I'm currently doing causal mediation with the CMAverse R package. The 'cmest' function has the ability to impute missing data and the option of specifying additional arguments via an "args_mice" argument. I want to include additional arguments including a predictor matrix which will allow missing values for the variables in the model to be imputed using information from other variables in the study but are not included within the mediation model.
Here is example code which show the additional arguments wanting to be passed through the "args_mice" argument.
Note:
X=binary
Y=continuous
M1, M2, M3 = continuous
C1, C2 =continuous
Model <- cmest(data = data, model = "rb", outcome = "Y",
exposure = "X", mediator = c("M1", "M2", "M3"),
basec = c("C1", "C2"),EMint = TRUE,
mreg = list("linear", "linear", "linear"), yreg = "linear", astar = 0, a = 1, mval = list(12, 13, 14),
estimation = "imputation", inference = "bootstrap", nboot = 500, boot.ci.type = "bca",
multimp = TRUE, args_mice = list (m=5, predictorMatrix = PredMatrix_alldata, maxit=10))
When running the model the following error is shown:
Error in `[.data.frame`(data, , yvar) : undefined columns selected
The model runs as expected when the predictorMatrix= PredMatrix_alldata argument is not included in the list. Therefore I know the issues is related to the predictor matrix.
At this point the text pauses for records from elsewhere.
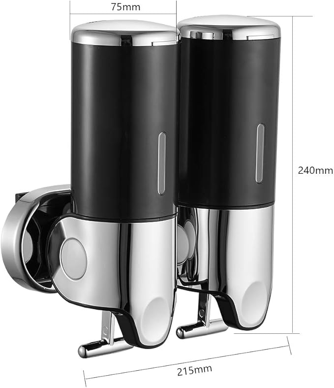 tropical ソープディスペンサー 壁掛け式 シャンプー ボディーソープ 浴室 バスルーム シャワーディスペンサー シルバー 1000ml 2連 (黒)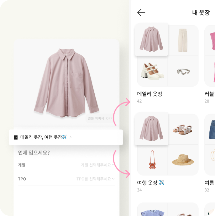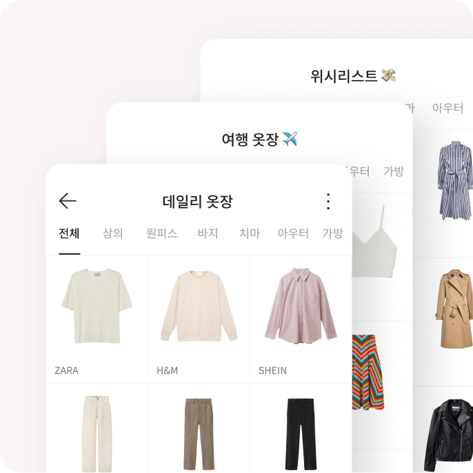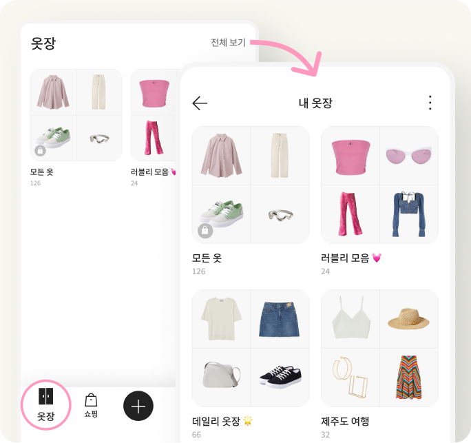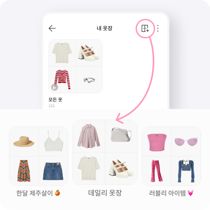 이제 옷장별로 원하는 대로 옷을 모아보세요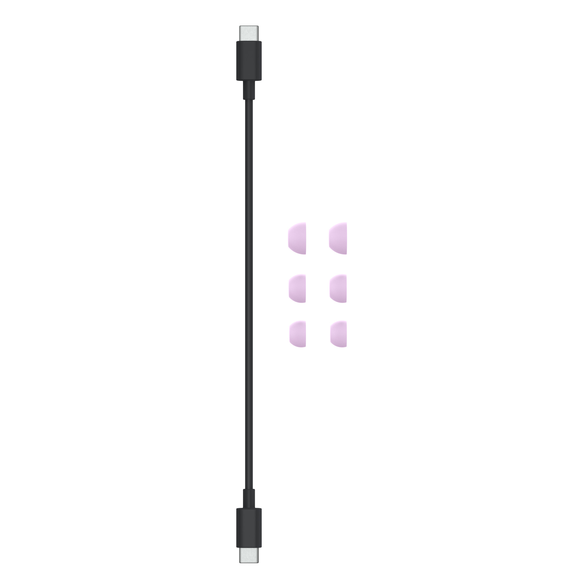 • Комплект — наушники, зарядный кейс, три пары амбушюр, кабель USB-C–USB-C, документация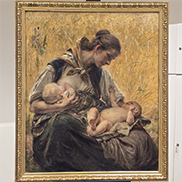 Bertha Wegmann wurde 1847 in der Schweiz geboren. Als Kind zog sie mit ihren Eltern nach Kopenhagen zurück. Bertha zeigte von früh an ein Interesse fürs Malen. Ein Familienmäzen – Moses Melchior – finanzierte ihr das Studium in München und Paris. Ab 1881 kamen die ersten Preise und Auszeichnungen u.a. goldene Medaille in Salon de Paris („Das Porträt der Malerin Jeanny Bauck“). Sie malte überwiegend Frauen – eine große Inspiration gaben ihr ihre Partnerinnen und Freundinnen. Faszinierend für sie war alles, was mit der Sensibilität der Frauen und ihrer Weiblichkeit zu tu hatte. Obwohl sie selber nie Mutter wurde, konnte sie auf eine wundersame Art und Weise die Muttergefühle und Liebe zeigen.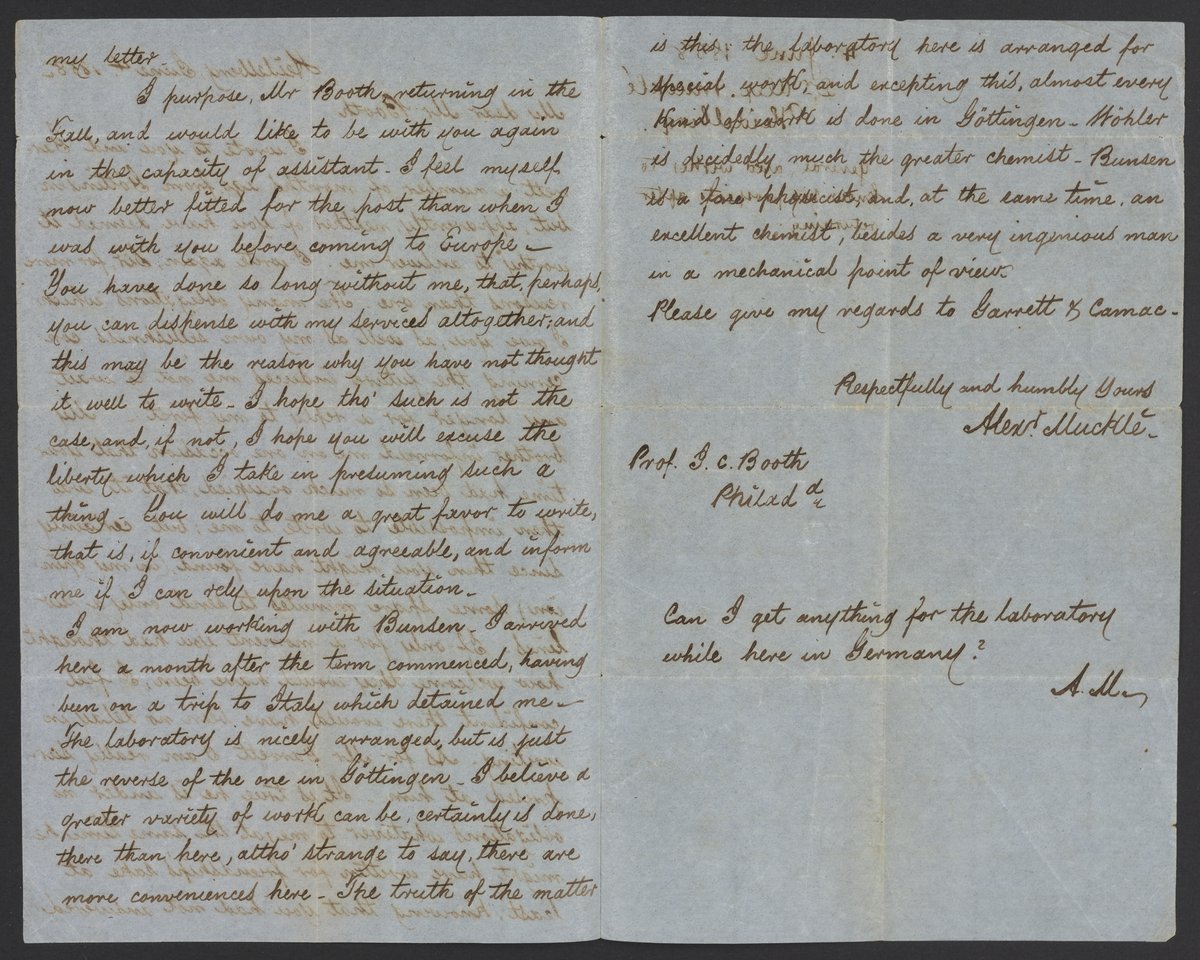 Small JPG1200 x 1855px — 456 KBFull-sized JPG2310 x 3571px — 1.3 MBOriginal fileTIFF — 2310 x 3571px — 23.7 MBA. Muckle, a former pupil of James Curtis Booth (1810-1888), writes from Germany comparing the chemists Robert Wilhelm Eberhard Bunsen (1811-1899) and Friedrich Wöhler (1800-1882) and inquiring as to his prospects upon returning to the United States.

PredMatrix_alldata is correctly formatted with "0"s and "1" and is a matrix of 46 variables which I want to use for the imputation for the specified model
I'm unsure if the error is due to the predictor matrix having more variables than are in the model, however, that is what I want to do for the imputation. Use variables outside those in the model to impute missing data for variables within the model.
Any help better understanding the error or how to include the predictor matrix is appreciated.